If, then, the date of registration is held to be the 29th December 1905, the accident occurred within twelve months of that date.

But the defenders maintain another ground for avoiding liability. They say that the insurance is under the condition (4) that notice of the claim is sent to their registered office within fourteen days of the occurrence of the accident (his they admit was done), and (5) that such claim be made within twelve months of the registration of the holder's name (this they say was not done, whether the date of registration be, as they hold, the 26th December 1905, or, as I hold, the 29th of that month). I find myself unable to give effect to this contention, as I think, in view of the whole terms of a somewhat confusing document, that to do so would disappoint the natural and just expectation of the ordinary person to whom the document is addressed ( Life Association of Scotland v. Foster, 11 Macph. 351, per Lord President Inglis at 358, and Lord Ardmillan at 371). At the outset of the coupon insurance policy it is represented to the members of the public, that if their death is occasioned by railway accident they will, on insuring with the company receive £1000 should death result within three calendar months of such accident.

Page: 153

I do not think that any ordinary person reading the subsequent conditions would arrive at the conclusion that if he was injured within twelve months, and notice of the accident was duly given, his representatives were to be cut off from all claim if he lingered on for a few days beyond the twelve months, though dying within three months of the accident, so that notice of the actual death could not be given within the twelve months. If the company mean this by their so-called policy, I think they should state it in such language, and print it not in the minute pica of No. 13 of process, but in such legible type as would make it clear to those to whom the document is addressed, and give them a chance of understanding it. Instead of that, they veil what they now say is their meaning under a cryptic distinction between ‘notice of claim’ and ‘making of claim.’ I am sure that no ordinary insured would read the first as ‘notice of a contingent claim,’ which, if it was not, in certain cases such as the present, preceded by the second, ‘the making of actual claim’ free from any contingency, would be futile. I think that whatever meaning may be deduced from the terms used in the different parts of the coupon by their piecing together by a skilled lawyer, the ordinary reader to whom these terms are addressed would understand them to mean ‘provided your claim attaches within twelve months of the date of registration of your name by reason of your accident within that time, and you give notice of your accident within fourteen days of it, and you die within three months of the accident, your representatives will be paid.’

The defenders commence by advertising a wide and general proposal to the public in unmistakeable language. If this is to be whittled down, it must be done so clearly, and so that those to whom it is addressed may understand it. The contract is not what the defenders mean to deduce from misleading and inconsistent ph rases, but what those in the position of the pursuer will reasonably suppose their general statement in its entirety to convey. The insured is not to be caught by allowing the company to put a different interpretation on the word ‘claim’ in two consecutive lines of their policy, without any explanation to their customers that they intend a distinction, and what that distinction is.

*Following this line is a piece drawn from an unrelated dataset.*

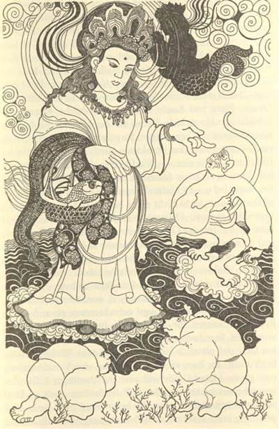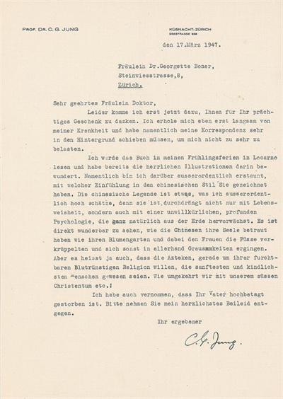 五年后,该书德文本刊行,瑞士女艺术家乔吉特·博纳(Georgette Boner,1903-1998)绘制插图并参与译制。不同于梅纳克脱离文化背景的创作,博纳画笔下的“悟空”重回神猴范畴(图6)。据考证,博纳早在1939至1940年间着手绘制《猴》的插图之时,便亲自争取到译本作图的机会,可见她对全书内容了解透彻。此外,她曾前往印度探望她的姐姐爱丽丝·博纳(Alice Boner,1889-1981),对猴神哈努曼的传说略知一二,而由她姐姐所画的印度叶猴也令其印象深刻,这些因素大概都影响了她用画笔让“悟空”形象重回“正轨”。此外,博纳在译本中的绘画风格还带有些许日本色彩,如她笔下的浪花就与浮世绘极为相似。她曾于1924年求学维也纳,主修艺术,对当时盛行的分离派应不陌生,这或许是她的西游插画融入日本元素的原因。博纳的插图还得到了著名心理学家荣格(Carl G. Jung,1875-1961)的认可,他在该书出版之际特别致信博纳,对博纳充满个人色彩的中国风插图表达赞美(图7)。荣格是卫礼贤挚友,对中国文化有所了解,算得上业余汉学家。能得到他的高度评价,可见博纳本插图之精妙。有趣的是,博纳的德译本于1961年再版,卫礼贤的儿子、汉学家卫德明(Hellmut Wilhelm,1905-1990)为之撰写后记。从卫礼贤到博纳,“悟空”形象也在两代人手中不断变异。
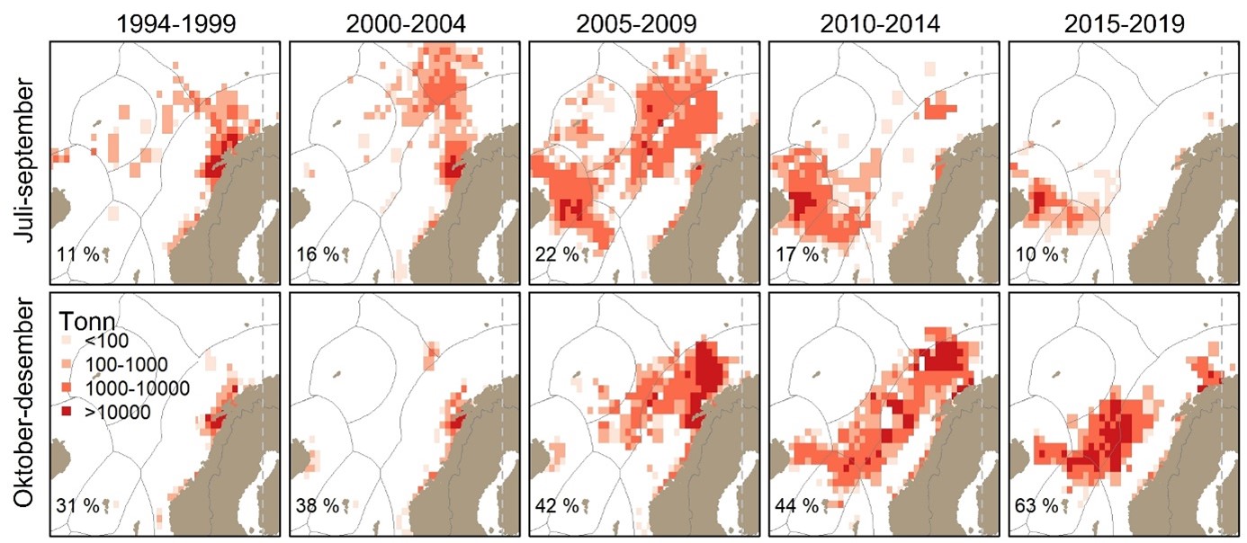 Mynd 2. Dreifing norsk-íslenskrar síldar samkvæmt afladagbókum íslenskra, færeyskra og norskra fiskiskipa á fimm ára tímabilum í júlí-september (efri myndir) og október-desember (neðri). Prósentan gefur hlutfall afla á ársgrundvelli sem tekið var á viðkomandi tímabili.

I do not think that any ordinary person reading this document could conceive, for instance, that this Mr Hunter injured within the twelve months, and actually dying not merely within three months of the accident, but within the twelve months, his representatives would be denied the benefit of the policy, because though they could give notice of the accident within fourteen days of its date, they could not give notice of the death before the lapse of the twelve months. If the company mean that, why do they not say in the forefront of their advertisement after the statement ‘should death result within three calendar months after such accident,’ in plain words, ‘provided it occurs within twelve months of the registration of the holder's name, and notice is given of the accident within fourteen days of its occurrence.’ As I think that this document must be interpreted contra proferentem, and would reasonably be interpreted as I have indicated by the class to whom it is addressed, I reject the defenders' second line of defence.

But were it necessary, I should be prepared to hold that this contract was not complete until actual issue on 3rd January 1906, of the acknowledgment, on the day before which in the following year, the notice not only of the contingent claim, but of the actual claim, was given. If they chose to hold up their acknowledgment for some days, I do not think that that entitled them virtually to antedate their acknowledgment in a question with the late Mr Hunter and his representatives, or fixes him and them with a knowledge of his registration prior to 3rd January 1906.”

The defenders reclaimed, and argued—The Lord Ordinary was wrong in holding that the contract was not completed till acknowledgment had been made by the defenders of the receipt of Mr Hunter's application. The contract was completed by his acceptance of the offer, on 25th December 1905, which was received and stamped by the defenders on 27th December following. This date must be taken as the date of registration. The defenders were bound to register the coupons at once, and if the accident had happened the day after Mr Hunter's coupon had been received they could not have escaped liability. Esto, however, that the date of registration was 29th December 1905—the date of the official acknowledgment of registration—the claim was not made till 2nd January 1907, so that in either case the policy had expired. The contract was enforceable any time within twelve months of the date of registration. That period having expired, the pursuer's claim came too late.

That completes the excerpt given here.